Information provided —
-- -- --
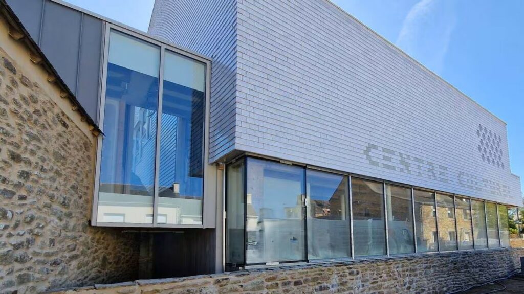 Projet : Centre culturel (Brech), 2025Architectes : Entre-sol Hébergeant la médiathèque municipale au rez-de-chaussée, le nouveau centre culturel de Brech dispose d’une salle à l’étage
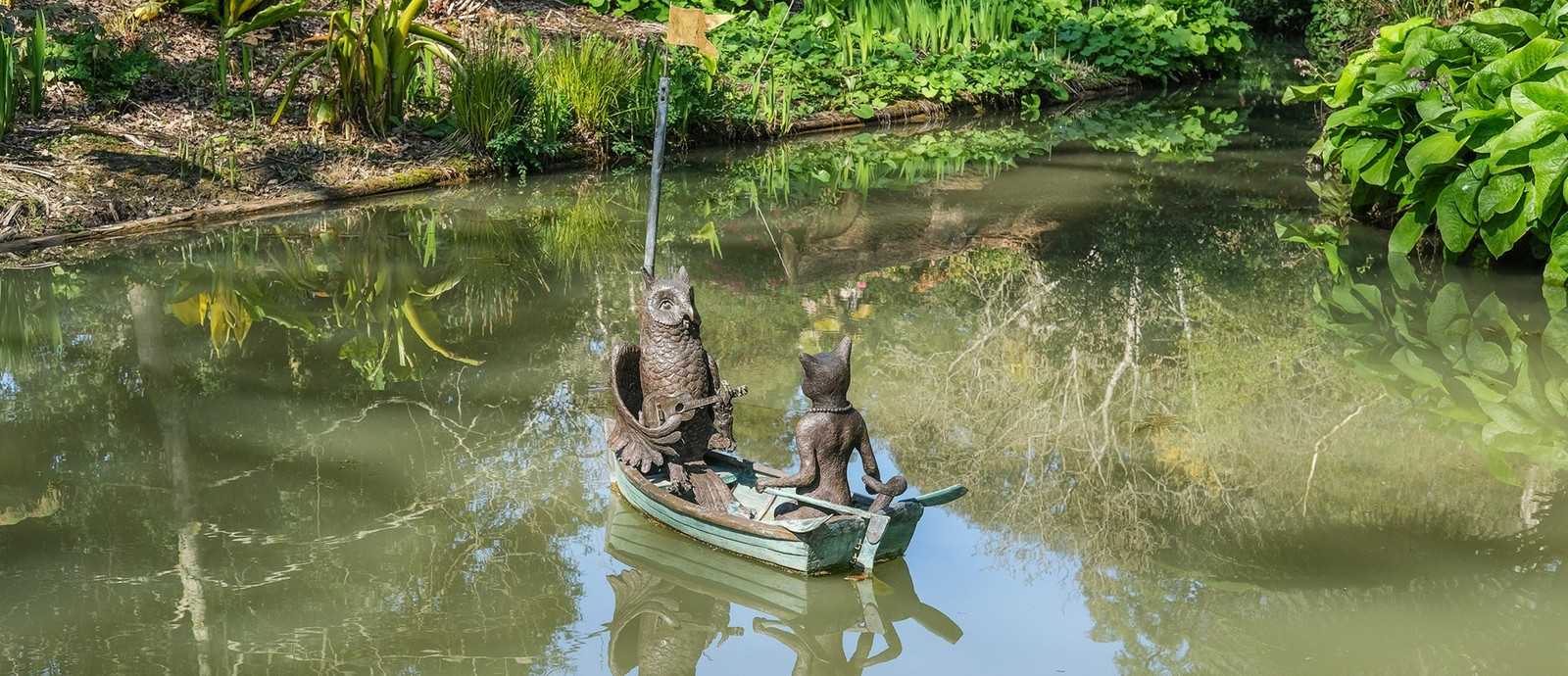 Handmade bronze Owl and the Pussy-cat water feature inspired by the Edward Lear poem of 1871. The beloved literary work is captured beautifully in this hot cast bronze garden water sculpture.
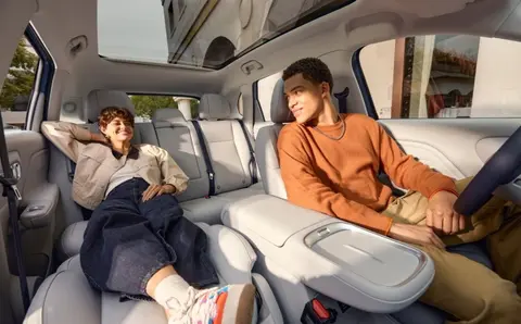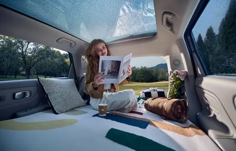 同时,年轻家庭还在意的空间,零跑B10更是藏了惊喜。前排座椅能直接打平变移动大床,午休蜷着睡毫无压力;后排坐两个成年人加个儿童安全座椅也不挤,车顶平直的设计让180cm的乘客头部还能留一拳距离。后备箱常规状态下装得下婴儿车+露营装备,放倒后排座椅后,甚至能塞进折叠自行车,周末短途出游根本不用纠结带啥,像这次国庆黄金周,我们一家七人一起出行,几乎该带的都带好了,让隔壁家的好生羡慕。
-- -- --
Aim of the task — Reproduce exactly, and only, the lines that begin at the one containing "Handmade bronze Owl" and end with the final line of the data, both included, while omitting every picture.

Answer to the exercise —
 Handmade bronze Owl and the Pussy-cat water feature inspired by the Edward Lear poem of 1871. The beloved literary work is captured beautifully in this hot cast bronze garden water sculpture.
 同时,年轻家庭还在意的空间,零跑B10更是藏了惊喜。前排座椅能直接打平变移动大床,午休蜷着睡毫无压力;后排坐两个成年人加个儿童安全座椅也不挤,车顶平直的设计让180cm的乘客头部还能留一拳距离。后备箱常规状态下装得下婴儿车+露营装备,放倒后排座椅后,甚至能塞进折叠自行车,周末短途出游根本不用纠结带啥,像这次国庆黄金周,我们一家七人一起出行,几乎该带的都带好了,让隔壁家的好生羡慕。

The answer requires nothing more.